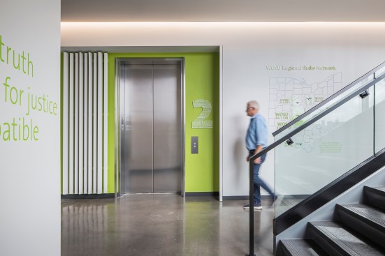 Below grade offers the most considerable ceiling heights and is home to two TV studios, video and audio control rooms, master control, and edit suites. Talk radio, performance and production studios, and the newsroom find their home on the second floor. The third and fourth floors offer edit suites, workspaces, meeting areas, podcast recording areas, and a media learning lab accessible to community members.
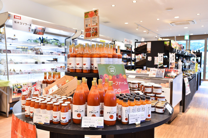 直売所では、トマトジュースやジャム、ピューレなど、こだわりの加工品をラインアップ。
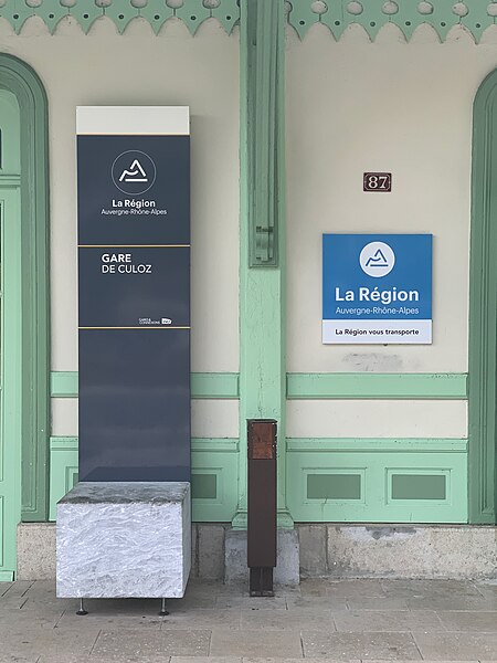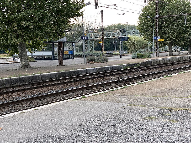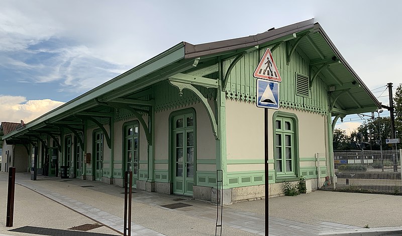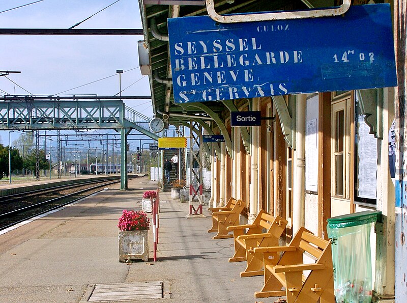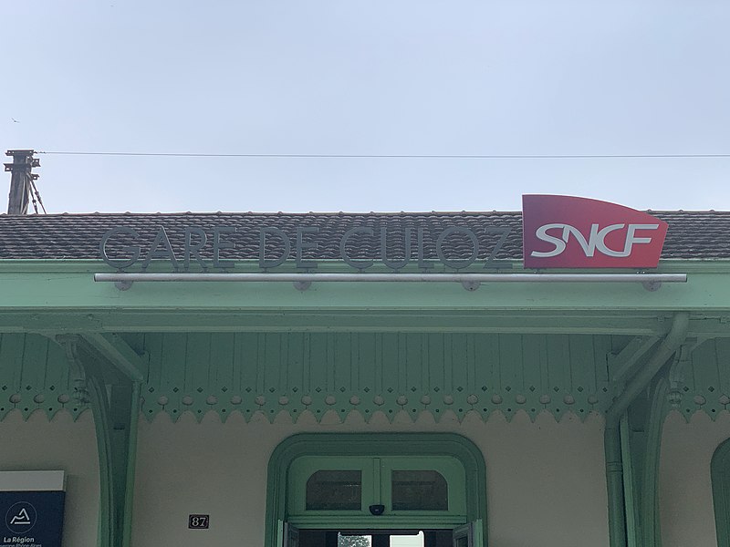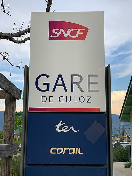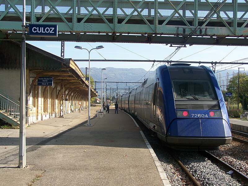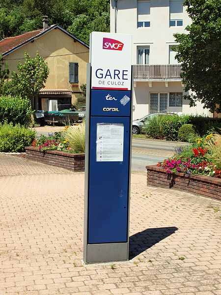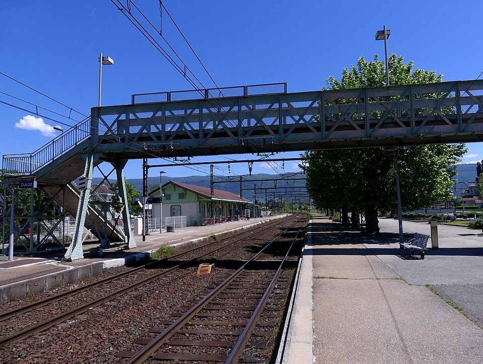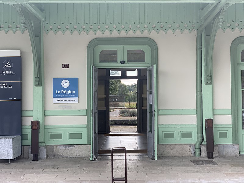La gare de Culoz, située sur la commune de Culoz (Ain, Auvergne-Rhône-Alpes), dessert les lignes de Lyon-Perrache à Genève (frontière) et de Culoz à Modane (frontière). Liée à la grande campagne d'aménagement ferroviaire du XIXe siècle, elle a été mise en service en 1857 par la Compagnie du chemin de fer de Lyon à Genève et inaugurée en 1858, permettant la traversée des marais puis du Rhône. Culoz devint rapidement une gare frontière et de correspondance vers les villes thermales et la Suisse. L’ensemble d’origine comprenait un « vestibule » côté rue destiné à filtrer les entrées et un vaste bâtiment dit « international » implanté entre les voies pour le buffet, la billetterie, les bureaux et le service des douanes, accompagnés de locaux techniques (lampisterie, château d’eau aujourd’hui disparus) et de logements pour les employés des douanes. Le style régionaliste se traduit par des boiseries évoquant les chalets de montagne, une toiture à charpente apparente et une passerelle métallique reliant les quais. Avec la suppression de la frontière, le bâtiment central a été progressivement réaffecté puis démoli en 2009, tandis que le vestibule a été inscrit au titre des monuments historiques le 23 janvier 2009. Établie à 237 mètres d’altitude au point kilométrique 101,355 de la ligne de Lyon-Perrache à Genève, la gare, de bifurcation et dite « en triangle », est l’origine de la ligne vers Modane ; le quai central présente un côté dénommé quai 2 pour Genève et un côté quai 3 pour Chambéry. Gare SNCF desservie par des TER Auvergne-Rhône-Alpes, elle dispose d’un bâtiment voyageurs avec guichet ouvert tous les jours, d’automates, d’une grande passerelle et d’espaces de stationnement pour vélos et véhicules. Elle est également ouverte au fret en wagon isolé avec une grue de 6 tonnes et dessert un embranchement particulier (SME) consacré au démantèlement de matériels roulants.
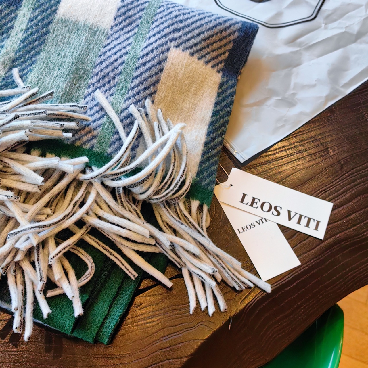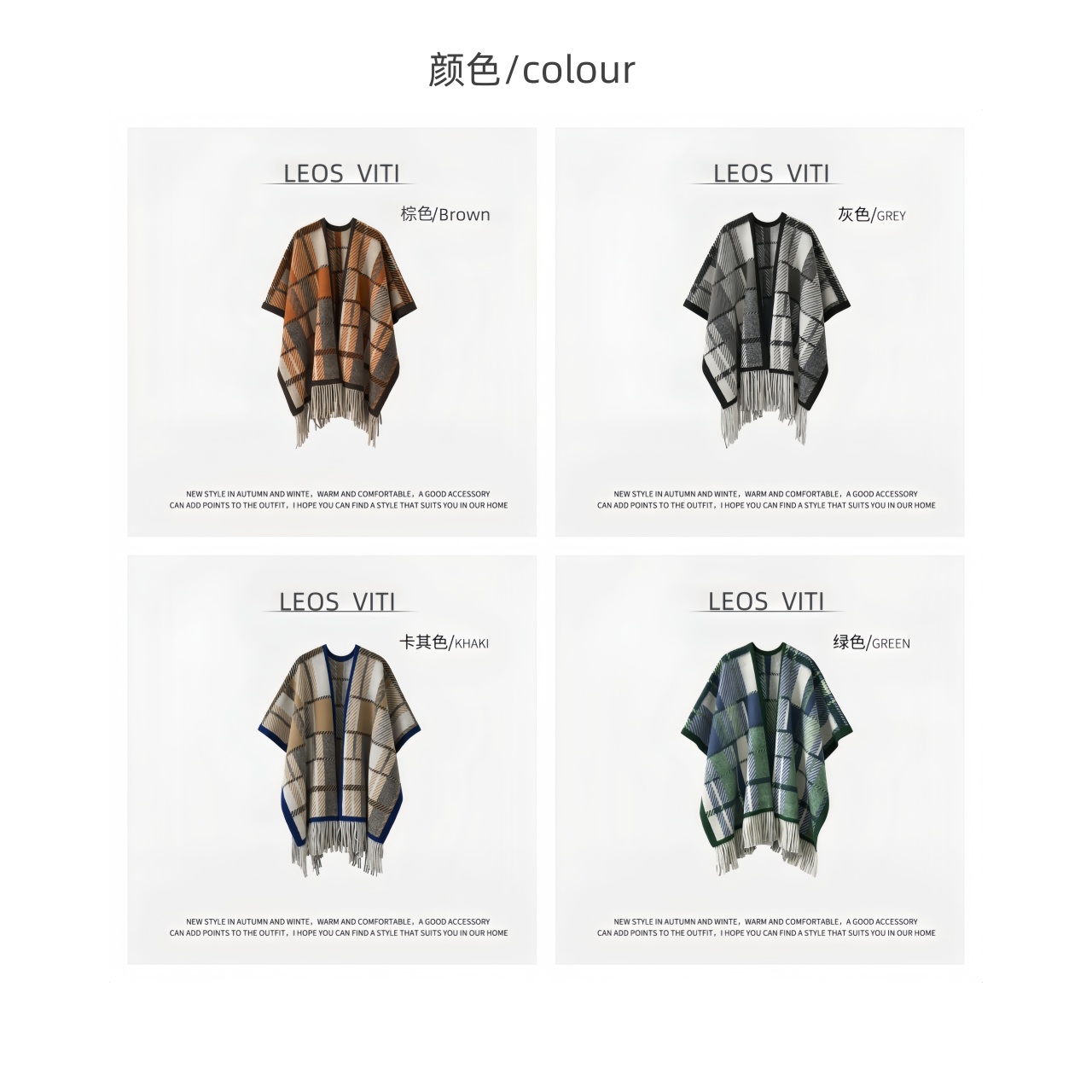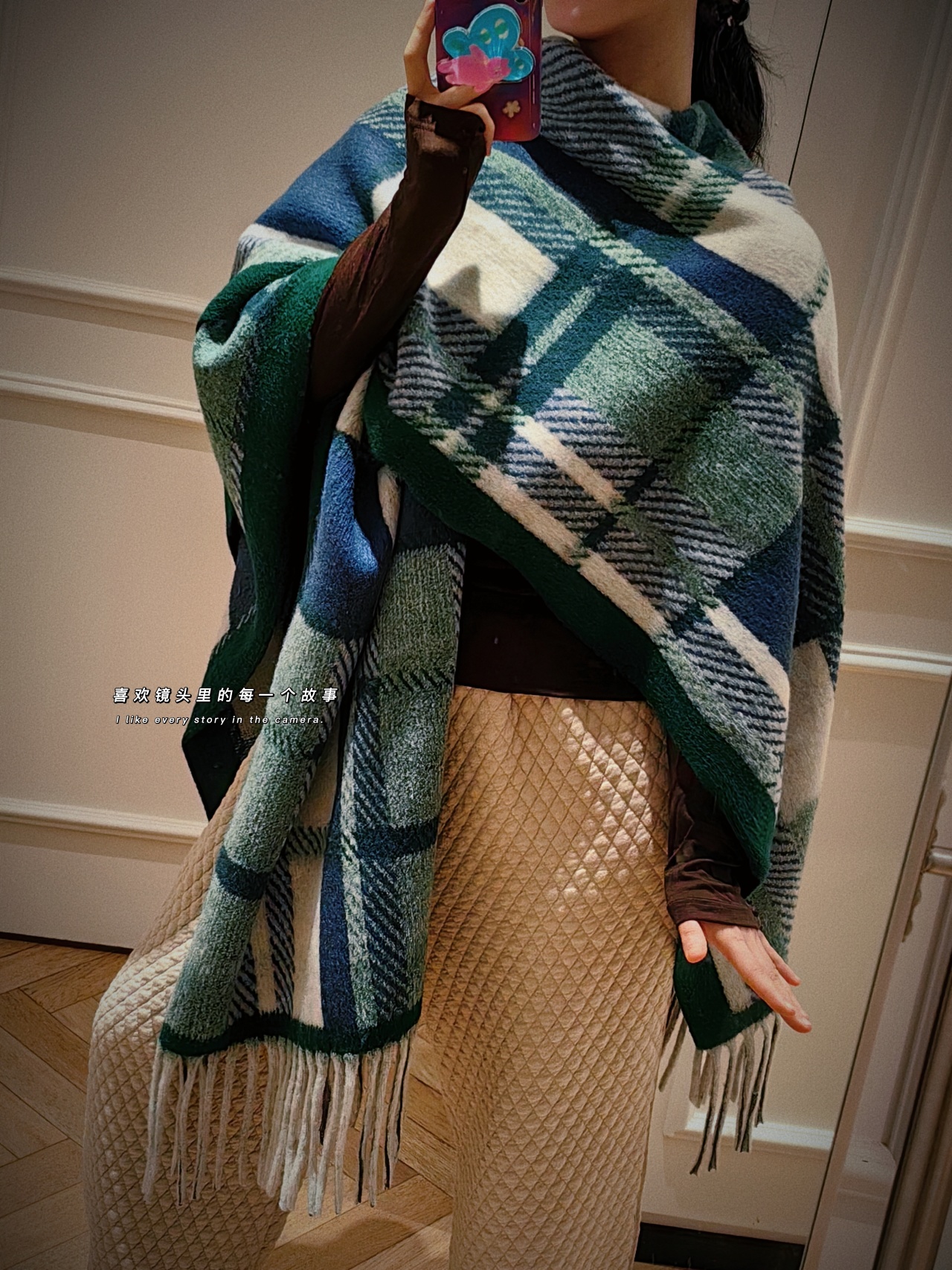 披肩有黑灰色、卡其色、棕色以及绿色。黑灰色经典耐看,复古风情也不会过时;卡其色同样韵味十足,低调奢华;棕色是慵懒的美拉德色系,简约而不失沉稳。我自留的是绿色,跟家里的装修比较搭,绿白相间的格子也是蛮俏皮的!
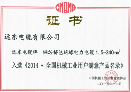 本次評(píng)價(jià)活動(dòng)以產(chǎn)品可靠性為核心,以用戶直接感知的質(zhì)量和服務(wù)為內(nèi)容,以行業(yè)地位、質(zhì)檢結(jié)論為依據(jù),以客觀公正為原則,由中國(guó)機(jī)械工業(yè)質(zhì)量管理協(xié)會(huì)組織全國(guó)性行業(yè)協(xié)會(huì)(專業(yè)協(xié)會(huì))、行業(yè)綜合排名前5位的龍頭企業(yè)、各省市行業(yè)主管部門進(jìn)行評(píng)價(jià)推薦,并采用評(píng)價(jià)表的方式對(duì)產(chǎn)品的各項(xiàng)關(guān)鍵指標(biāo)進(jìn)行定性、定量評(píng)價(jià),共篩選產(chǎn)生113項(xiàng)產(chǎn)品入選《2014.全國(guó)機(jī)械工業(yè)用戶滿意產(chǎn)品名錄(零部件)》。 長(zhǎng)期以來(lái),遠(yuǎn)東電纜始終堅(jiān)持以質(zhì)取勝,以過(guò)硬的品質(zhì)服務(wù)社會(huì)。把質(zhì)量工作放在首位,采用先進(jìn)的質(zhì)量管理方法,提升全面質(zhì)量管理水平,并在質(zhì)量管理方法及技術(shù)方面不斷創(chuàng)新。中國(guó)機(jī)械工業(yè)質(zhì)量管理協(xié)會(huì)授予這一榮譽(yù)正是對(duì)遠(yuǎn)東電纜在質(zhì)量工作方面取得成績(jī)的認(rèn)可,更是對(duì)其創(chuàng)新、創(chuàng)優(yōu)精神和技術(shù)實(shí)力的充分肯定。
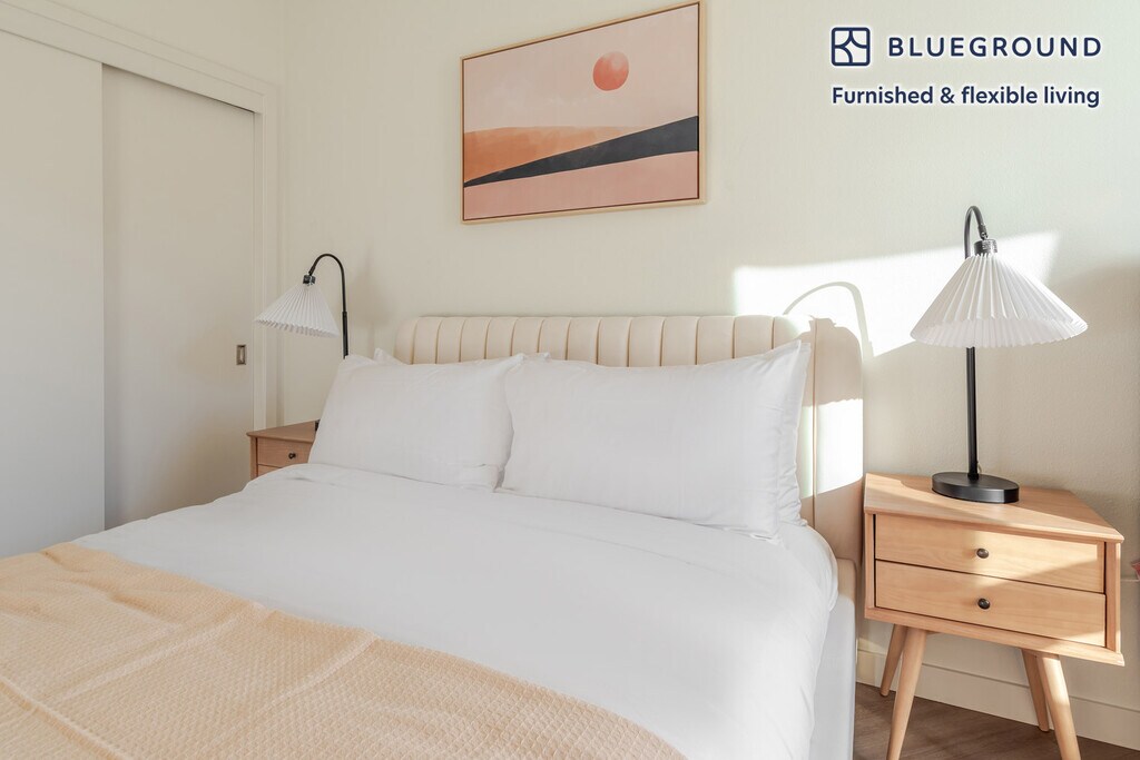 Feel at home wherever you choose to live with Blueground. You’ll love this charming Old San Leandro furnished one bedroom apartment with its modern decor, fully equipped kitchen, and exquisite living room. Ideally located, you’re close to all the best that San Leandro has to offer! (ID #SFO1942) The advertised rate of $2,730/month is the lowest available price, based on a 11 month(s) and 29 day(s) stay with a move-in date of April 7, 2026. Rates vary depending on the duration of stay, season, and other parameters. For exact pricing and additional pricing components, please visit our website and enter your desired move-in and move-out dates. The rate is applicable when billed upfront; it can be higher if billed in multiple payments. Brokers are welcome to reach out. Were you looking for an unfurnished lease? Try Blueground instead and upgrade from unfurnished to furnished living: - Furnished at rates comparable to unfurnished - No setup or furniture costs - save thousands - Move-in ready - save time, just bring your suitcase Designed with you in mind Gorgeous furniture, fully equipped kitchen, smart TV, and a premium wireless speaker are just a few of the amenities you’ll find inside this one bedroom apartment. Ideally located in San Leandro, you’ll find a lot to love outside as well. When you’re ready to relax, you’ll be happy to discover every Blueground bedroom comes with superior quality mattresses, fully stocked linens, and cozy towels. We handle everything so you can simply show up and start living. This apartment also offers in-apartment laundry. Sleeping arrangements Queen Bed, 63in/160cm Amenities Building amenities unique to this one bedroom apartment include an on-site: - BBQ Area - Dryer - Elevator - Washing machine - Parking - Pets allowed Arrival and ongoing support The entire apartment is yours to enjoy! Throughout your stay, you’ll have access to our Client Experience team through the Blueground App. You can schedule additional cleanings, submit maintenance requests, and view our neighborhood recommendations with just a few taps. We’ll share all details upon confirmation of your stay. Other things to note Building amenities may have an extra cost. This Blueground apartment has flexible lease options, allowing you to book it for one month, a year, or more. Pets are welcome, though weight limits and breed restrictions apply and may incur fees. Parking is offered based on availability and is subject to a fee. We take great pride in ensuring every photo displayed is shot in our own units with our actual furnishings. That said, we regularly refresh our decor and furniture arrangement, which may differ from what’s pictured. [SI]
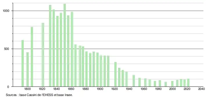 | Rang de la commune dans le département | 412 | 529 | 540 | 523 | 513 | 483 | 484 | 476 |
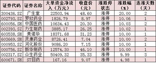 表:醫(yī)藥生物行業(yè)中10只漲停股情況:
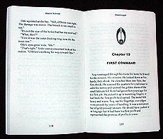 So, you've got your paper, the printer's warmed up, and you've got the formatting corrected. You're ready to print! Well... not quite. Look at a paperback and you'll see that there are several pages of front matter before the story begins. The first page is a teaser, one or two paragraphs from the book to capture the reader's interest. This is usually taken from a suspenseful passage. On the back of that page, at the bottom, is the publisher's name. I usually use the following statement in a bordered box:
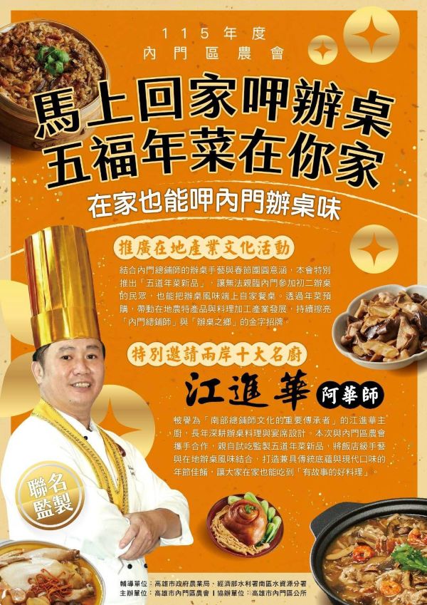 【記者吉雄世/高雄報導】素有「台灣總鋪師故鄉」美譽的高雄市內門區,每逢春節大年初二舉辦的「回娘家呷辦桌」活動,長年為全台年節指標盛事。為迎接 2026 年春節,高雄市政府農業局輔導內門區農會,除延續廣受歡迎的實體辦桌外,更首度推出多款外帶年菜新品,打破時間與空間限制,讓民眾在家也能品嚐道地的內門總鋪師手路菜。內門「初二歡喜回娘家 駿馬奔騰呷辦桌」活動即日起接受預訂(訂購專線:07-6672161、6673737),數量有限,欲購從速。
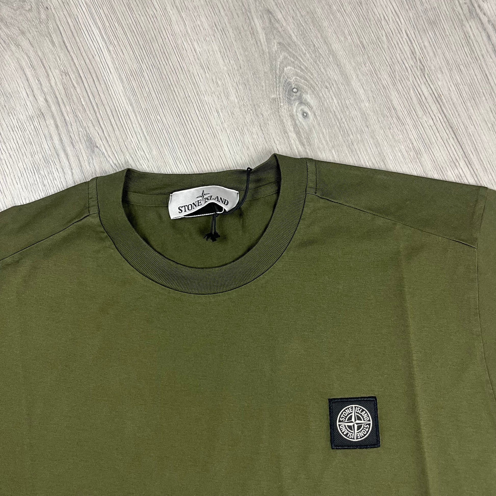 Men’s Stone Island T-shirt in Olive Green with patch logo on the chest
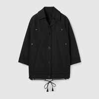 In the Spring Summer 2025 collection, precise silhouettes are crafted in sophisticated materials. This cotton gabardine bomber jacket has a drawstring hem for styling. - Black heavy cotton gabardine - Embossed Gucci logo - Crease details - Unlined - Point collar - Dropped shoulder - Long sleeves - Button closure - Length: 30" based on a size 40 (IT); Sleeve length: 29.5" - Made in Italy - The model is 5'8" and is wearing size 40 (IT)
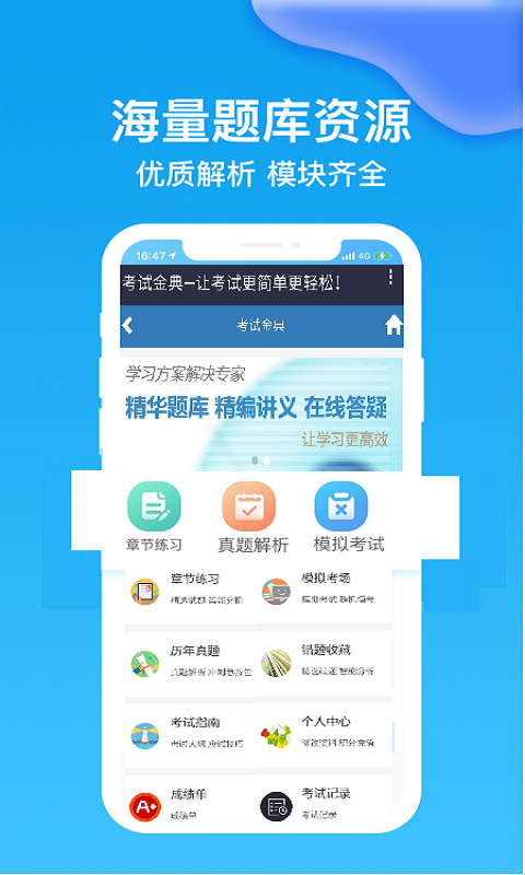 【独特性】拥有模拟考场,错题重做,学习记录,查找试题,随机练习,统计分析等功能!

### EXERCISE REQUIREMENTS
Starting with the line that has "Men’s Stone Island" and ending with the last line of the records, retype every line exactly and only those lines. Do not include the pictures.

### ANSWER FOR THE TASK
 Men’s Stone Island T-shirt in Olive Green with patch logo on the chest
 In the Spring Summer 2025 collection, precise silhouettes are crafted in sophisticated materials. This cotton gabardine bomber jacket has a drawstring hem for styling. - Black heavy cotton gabardine - Embossed Gucci logo - Crease details - Unlined - Point collar - Dropped shoulder - Long sleeves - Button closure - Length: 30" based on a size 40 (IT); Sleeve length: 29.5" - Made in Italy - The model is 5'8" and is wearing size 40 (IT)
 【独特性】拥有模拟考场,错题重做,学习记录,查找试题,随机练习,统计分析等功能!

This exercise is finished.